> Records provided:
- - - - -
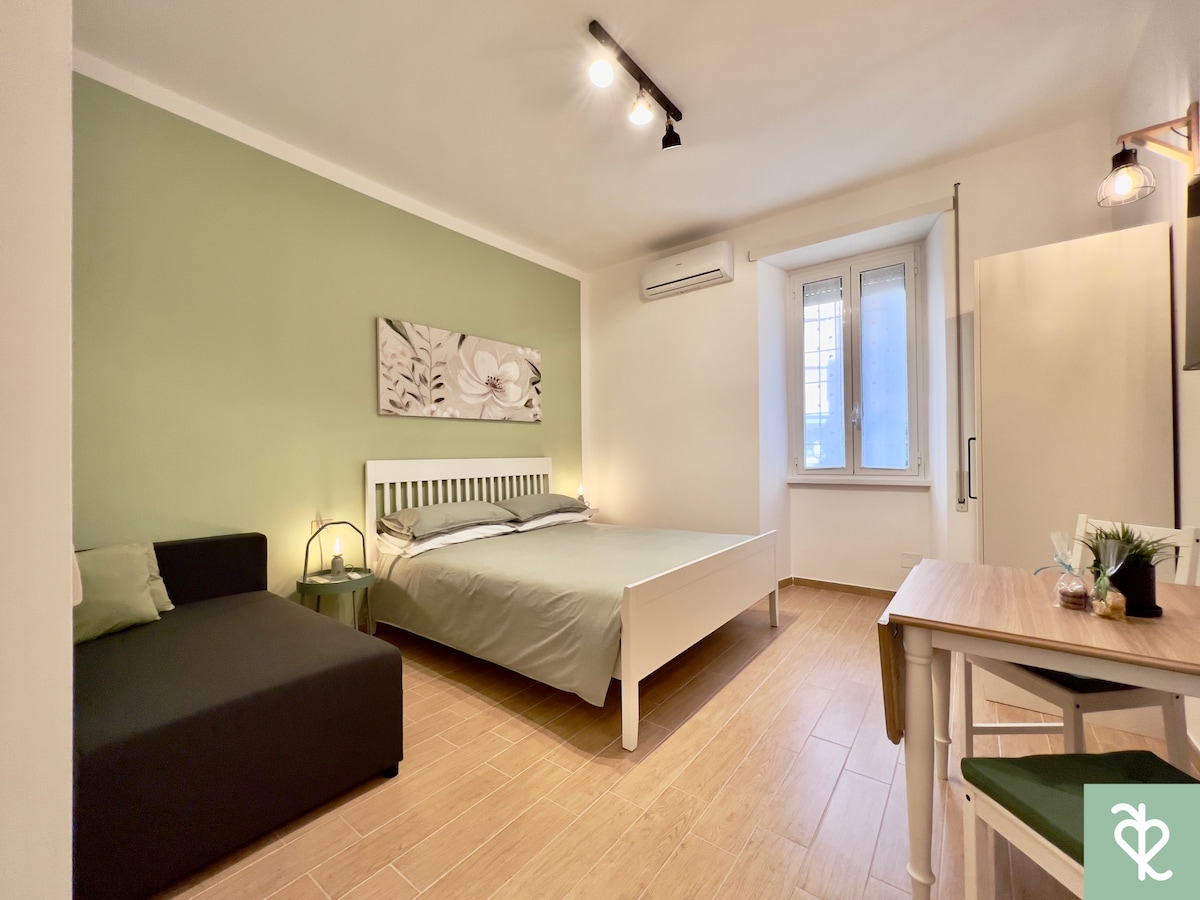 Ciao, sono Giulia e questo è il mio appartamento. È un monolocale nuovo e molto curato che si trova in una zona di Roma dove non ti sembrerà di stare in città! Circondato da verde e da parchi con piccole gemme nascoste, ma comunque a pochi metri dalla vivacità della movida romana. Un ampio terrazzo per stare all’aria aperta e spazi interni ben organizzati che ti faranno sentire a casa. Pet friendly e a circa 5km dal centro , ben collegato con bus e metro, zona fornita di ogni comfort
- - - - -
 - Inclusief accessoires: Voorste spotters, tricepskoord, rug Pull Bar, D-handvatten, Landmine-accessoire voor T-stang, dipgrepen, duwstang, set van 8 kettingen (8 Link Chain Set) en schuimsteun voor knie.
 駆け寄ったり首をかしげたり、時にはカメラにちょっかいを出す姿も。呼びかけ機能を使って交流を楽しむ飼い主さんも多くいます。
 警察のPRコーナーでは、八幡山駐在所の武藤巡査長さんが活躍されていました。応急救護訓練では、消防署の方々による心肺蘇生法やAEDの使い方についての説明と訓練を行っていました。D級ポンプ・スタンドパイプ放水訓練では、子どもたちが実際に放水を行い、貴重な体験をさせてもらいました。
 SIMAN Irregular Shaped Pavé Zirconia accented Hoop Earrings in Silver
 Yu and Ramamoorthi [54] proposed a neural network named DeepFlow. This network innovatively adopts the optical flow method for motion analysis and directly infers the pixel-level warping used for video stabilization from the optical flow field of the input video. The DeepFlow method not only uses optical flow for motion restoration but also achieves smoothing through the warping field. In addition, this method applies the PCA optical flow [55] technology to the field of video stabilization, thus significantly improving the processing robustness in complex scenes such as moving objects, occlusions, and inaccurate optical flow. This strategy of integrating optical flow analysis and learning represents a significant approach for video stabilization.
- - - - -
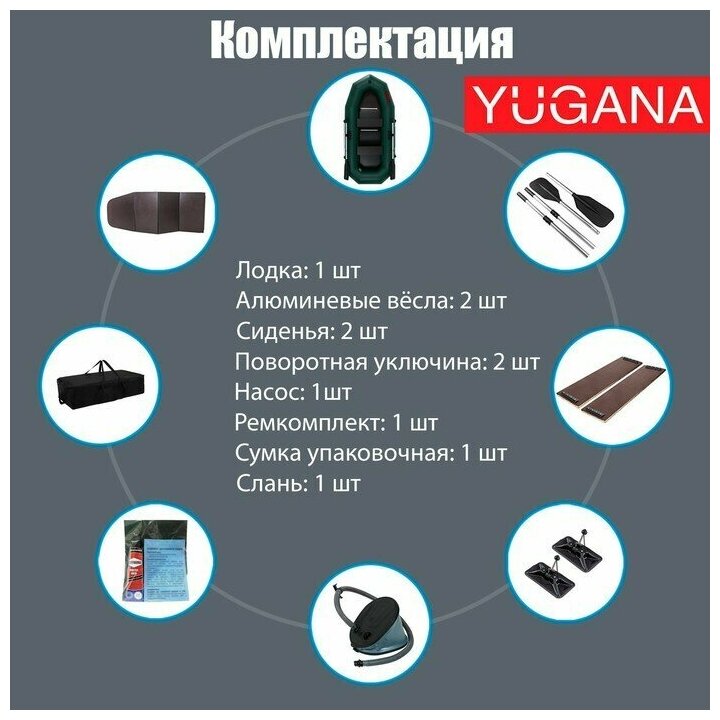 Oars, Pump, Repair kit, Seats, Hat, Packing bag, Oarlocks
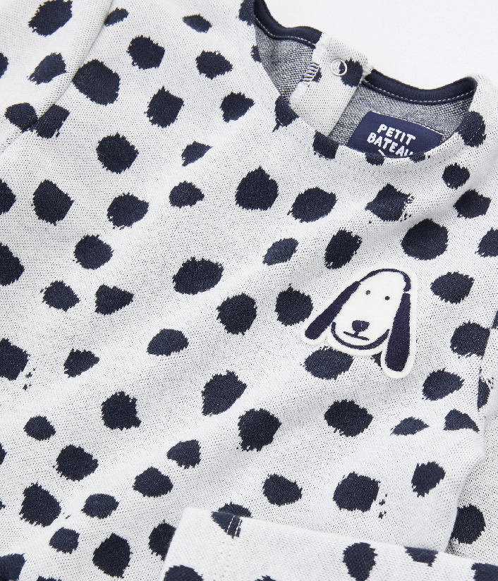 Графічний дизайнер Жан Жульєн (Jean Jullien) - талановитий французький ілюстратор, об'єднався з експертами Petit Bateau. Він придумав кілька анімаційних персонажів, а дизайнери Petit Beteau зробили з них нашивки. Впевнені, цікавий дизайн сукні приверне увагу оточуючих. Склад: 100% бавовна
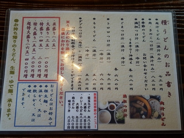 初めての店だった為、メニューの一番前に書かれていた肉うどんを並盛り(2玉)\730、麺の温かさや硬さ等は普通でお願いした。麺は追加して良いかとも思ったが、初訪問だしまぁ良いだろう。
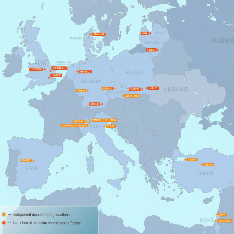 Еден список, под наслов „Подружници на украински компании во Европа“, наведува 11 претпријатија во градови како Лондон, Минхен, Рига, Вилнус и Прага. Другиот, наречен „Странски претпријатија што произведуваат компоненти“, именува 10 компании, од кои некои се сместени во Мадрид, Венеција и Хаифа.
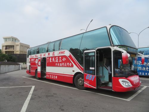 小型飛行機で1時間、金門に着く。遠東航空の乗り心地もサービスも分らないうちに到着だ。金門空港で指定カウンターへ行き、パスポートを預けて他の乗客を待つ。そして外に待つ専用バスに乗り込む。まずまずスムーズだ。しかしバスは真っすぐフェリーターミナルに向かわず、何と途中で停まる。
- - - - -
> Goal of the exercise: Because only one stretch of the records is wanted, please output the lines from the one holding "初めての店だった為、メニュー" through the one holding "Еден список, под" exactly, both included, and leave every picture out.

> Response:
 初めての店だった為、メニューの一番前に書かれていた肉うどんを並盛り(2玉)\730、麺の温かさや硬さ等は普通でお願いした。麺は追加して良いかとも思ったが、初訪問だしまぁ良いだろう。
 Еден список, под наслов „Подружници на украински компании во Европа“, наведува 11 претпријатија во градови како Лондон, Минхен, Рига, Вилнус и Прага. Другиот, наречен „Странски претпријатија што произведуваат компоненти“, именува 10 компании, од кои некои се сместени во Мадрид, Венеција и Хаифа.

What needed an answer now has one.